The countdown is on. In just a few days, thousands of athletes and spectators from around the world will gather in Vancouver, British Columbia to participate in the winter Olympics 2010. Over the next couple weeks, hopes will be fulfilled, dreams will be inspired, and unfortunately talents will fall short. But whatever may transpire in Vancouver, one thing is certain; athletes and spectators will be united in a single quest, most commonly known as “going for the gold”.
What makes the gold medal so desirable? Does the desire exist because the medal is made from expensive metal? Or is the desirability found in the medal’s undeniable prestige and superiority? I would venture to guess that value, prestige, and superiority play a part in the medal’s irresistibleness. However, out of all the athletes represented, only a few will take the highest platform, only a few will join in the singing of their national anthem, and only a few will end their quest with a gold medal. For the others, the gold medal will be nothing more than a lost hope.
I will never have a gold medal. I don’t plan skiing the powdered slopes in perfect formation; I will never land a triple-lutz with grace, and I don’t see myself breaking any speed records in skates. I am physically not able to perform any of these events. A wheelchair is not conducive to snow and ice, and it hardly does anything with precision and excellence. Hence, the quest for a gold medal is not in my future. But the “gold” in my life isn’t found in a gleaming medal; it is found in my family, friends, and faith.I didn’t have to beat the clock or get a perfect score to receive my gold.

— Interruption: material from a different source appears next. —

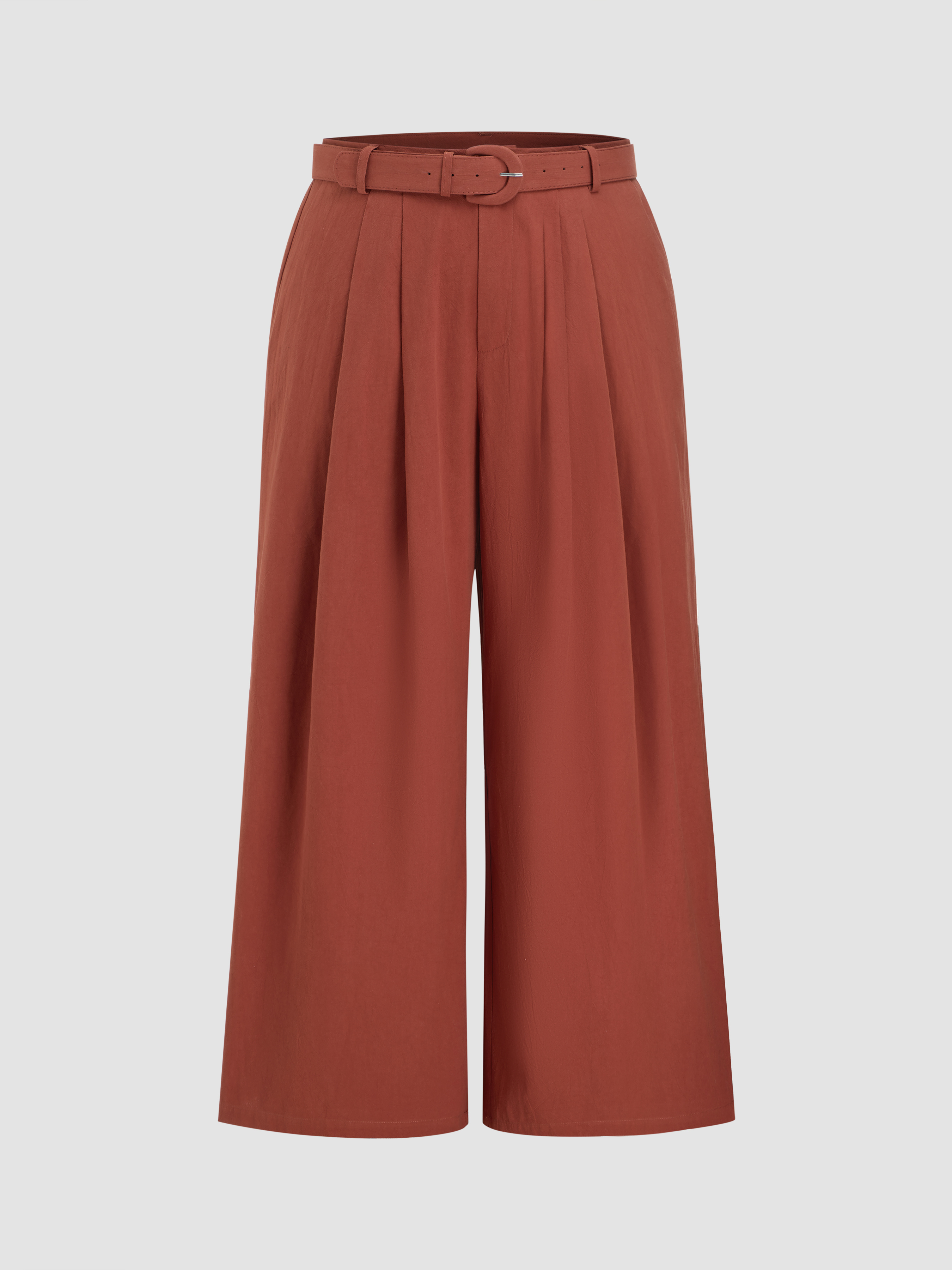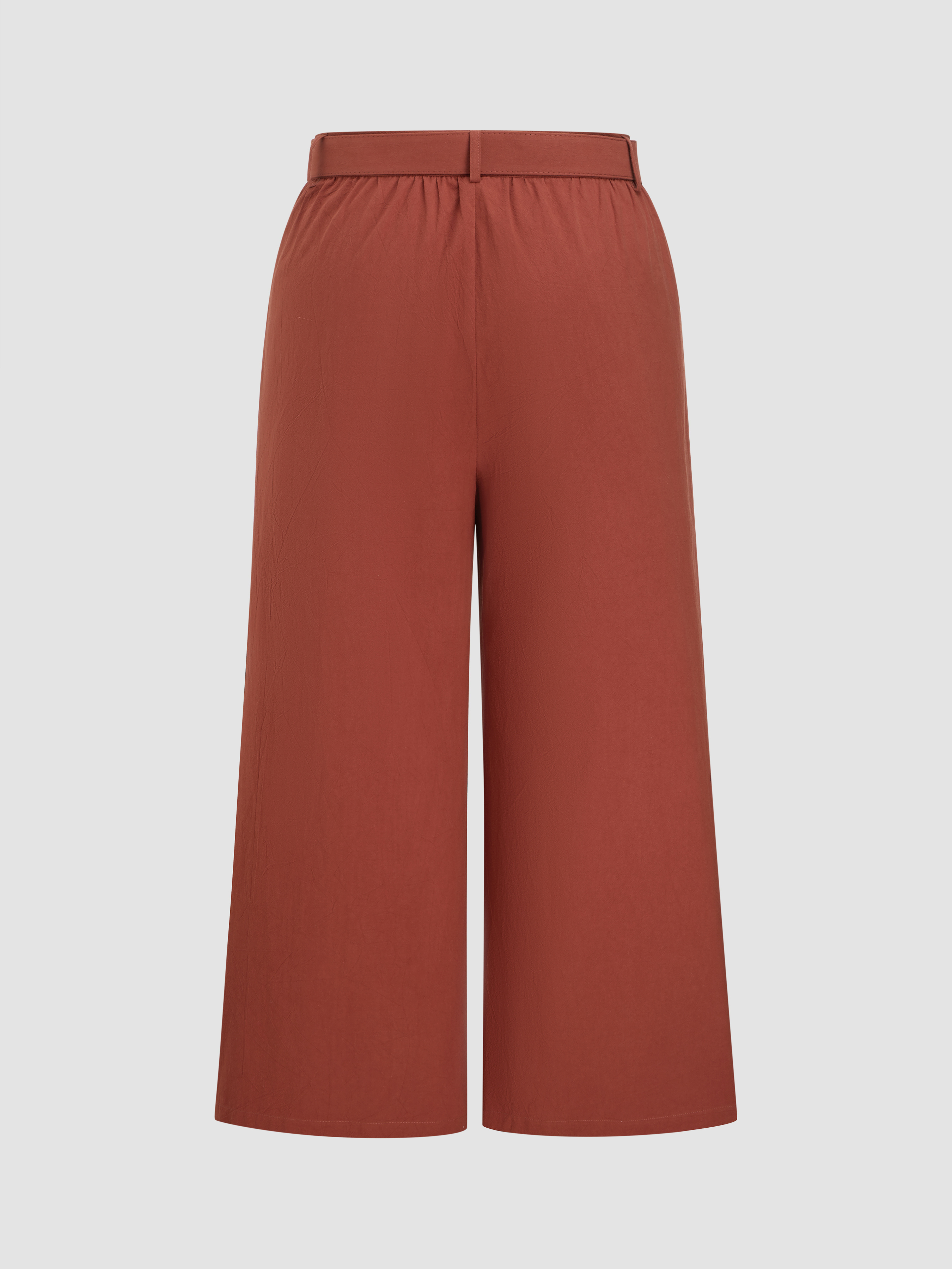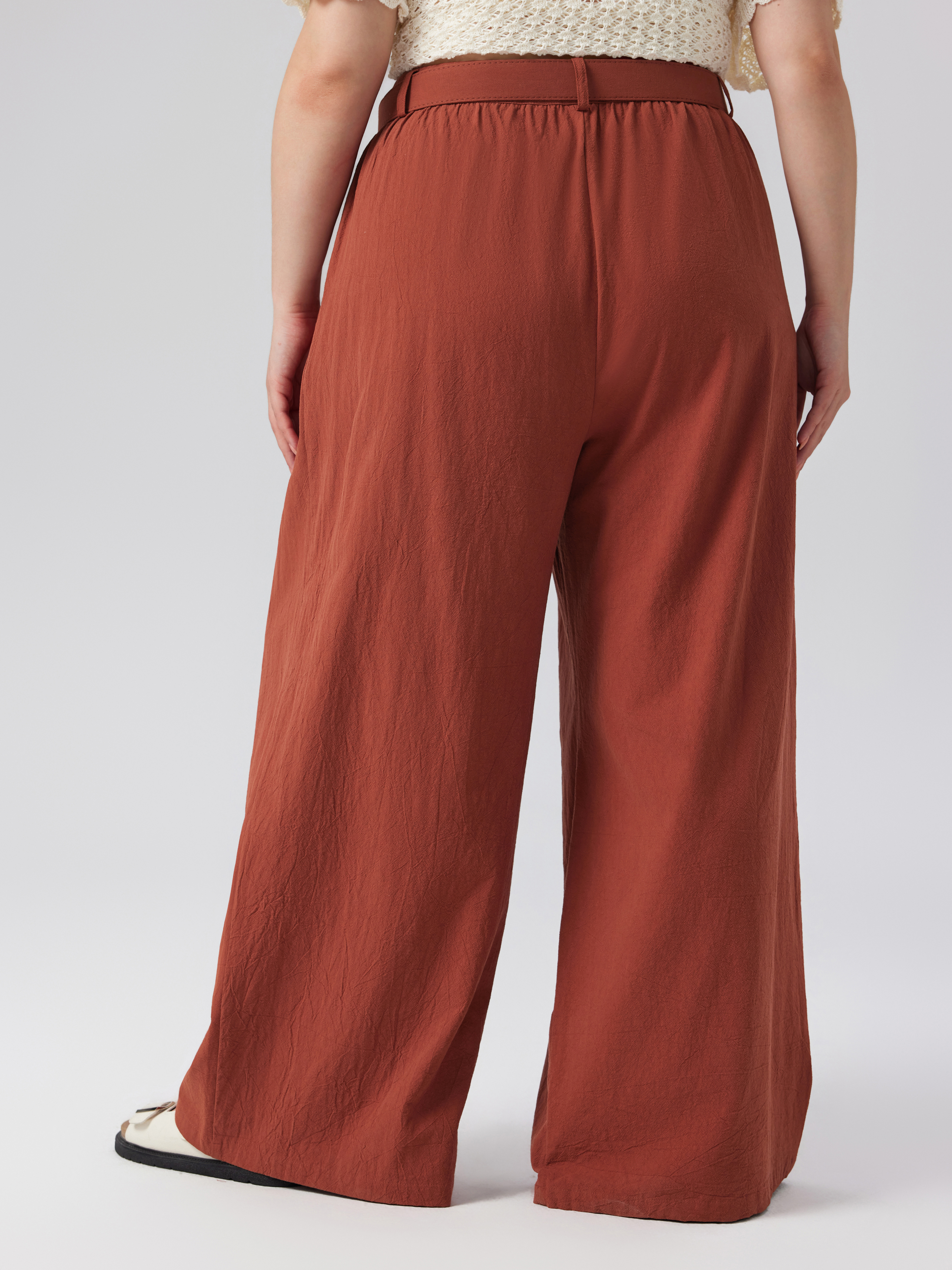 Pantaloni a gamba larga a vita media con tasche solide e pieghettati Curve & Plus

My gold was a gift, one specifically chosen for me. Is my gold valuable? No, it’s priceless! Does my gold bring prestige and superiority? No, it brings happiness and support. I know my gold isn’t exactly lustrous, but it shines brightly for me every day. It sparkles when mom gets me up with a smile; it dazzles when my friends treat me like anyone else; it twinkles when my faith pulls me through the day. It’s the only gold I need.
I will not be going for the gold in Vancouver or anywhere for that matter. But that is okay because my “gold” keeps me going!